Synchronization and Arbitration in Digital Systems

by David J. Kinniment
January 2008
Intermediate to advanced
280 pages
7h 5m
English
Wiley
Content preview from Synchronization and Arbitration in Digital Systems

7

Synchronizers in Systems

The function of a synchronizer is to re-time the data passing from one digital processor (the sender) to another (the receiver), so that it can be correctly interpreted by the receiver. This is only necessary when the sender and receiver are independently timed and even then only when their relative timing is unpredictable. For many systems on silicon it is difficult to provide a common clock at a high frequency with low skew, so independent clocks are used for each processor. Even if the clock frequency is nominally the same for both sender and receiver in some cases the requirement to re-use processors and IP blocks in new designs or different fabrication processes will often mean the actual clock frequency in any future implementation may not even be known.

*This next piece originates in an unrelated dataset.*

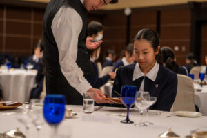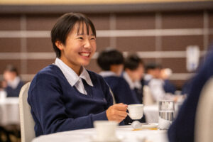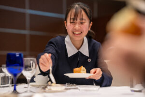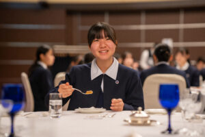 家庭科の授業の一環として毎年行われているこの行事。 ホテルに到着した時は、ずらりと並んだカトラリーを前に少し緊張した空気が漂っていましたが、講師の方が丁寧に教えてくださったおかげで、すぐにリラックスして食事を楽しむことができました😌
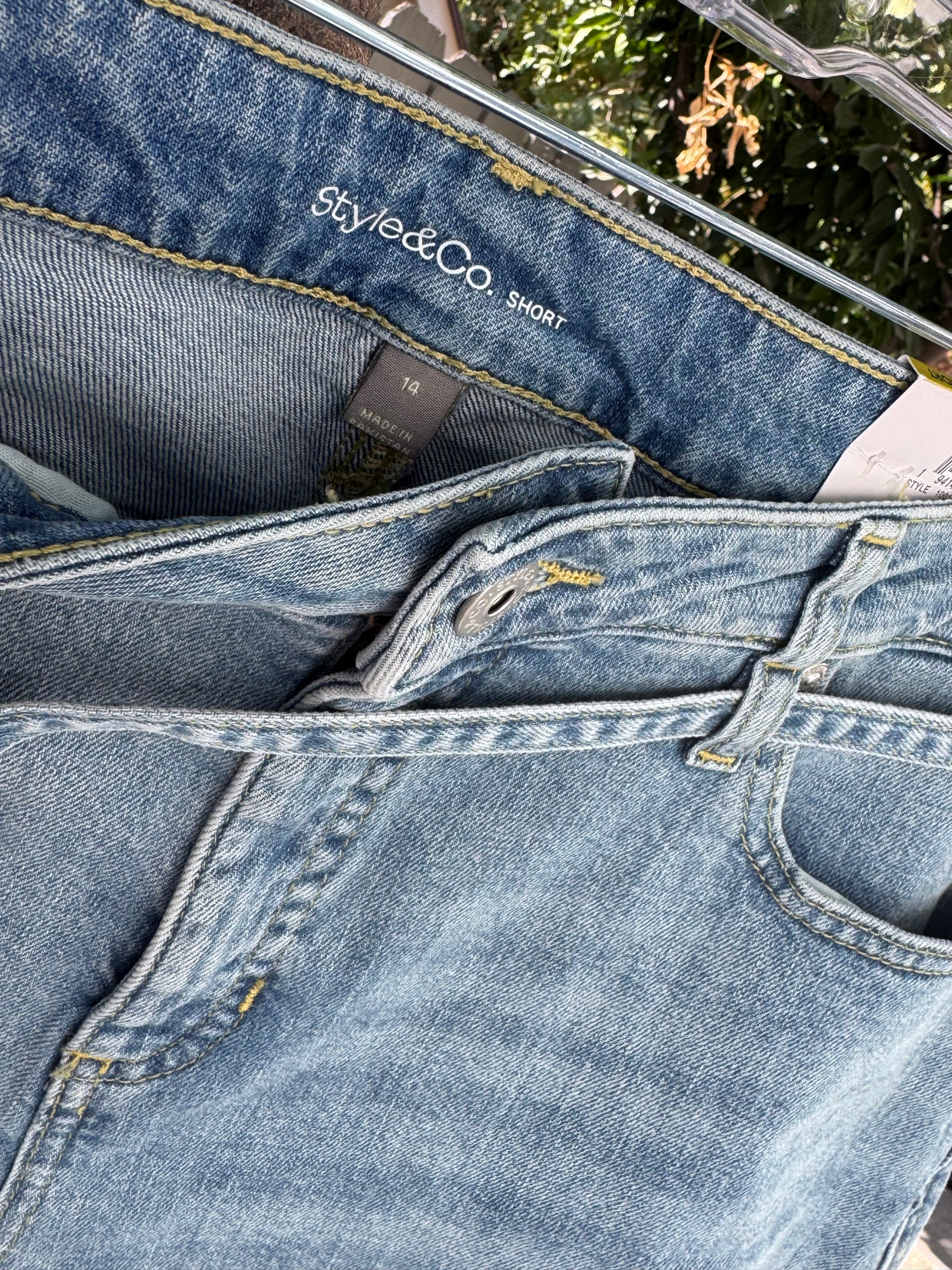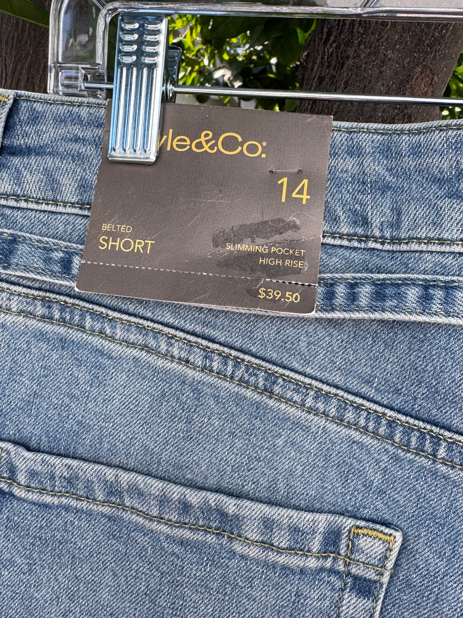 NEW Style & Co High Rise Belted Denim Shorts Women’s Sz 14

7.1 LATENCY AND THROUGHPUT

A very general synchronizing interface is shown in Figure 7.1 which allows for re-timing as the data as well as some simple flow control to ensure that the data rates on both sides of the interface are matched. Each separately timed data item is accompanied by a write data available signal from the sender which indicates that it valid data is present. Since the data available signal originates from the sender it must be synchronized to the receiver clock before it can be recognized. The receiver then transfers the data to an internal register when it is ready, and signals back to the sender that it is safe to send another data item by means of the ‘read done’ signal. Because ...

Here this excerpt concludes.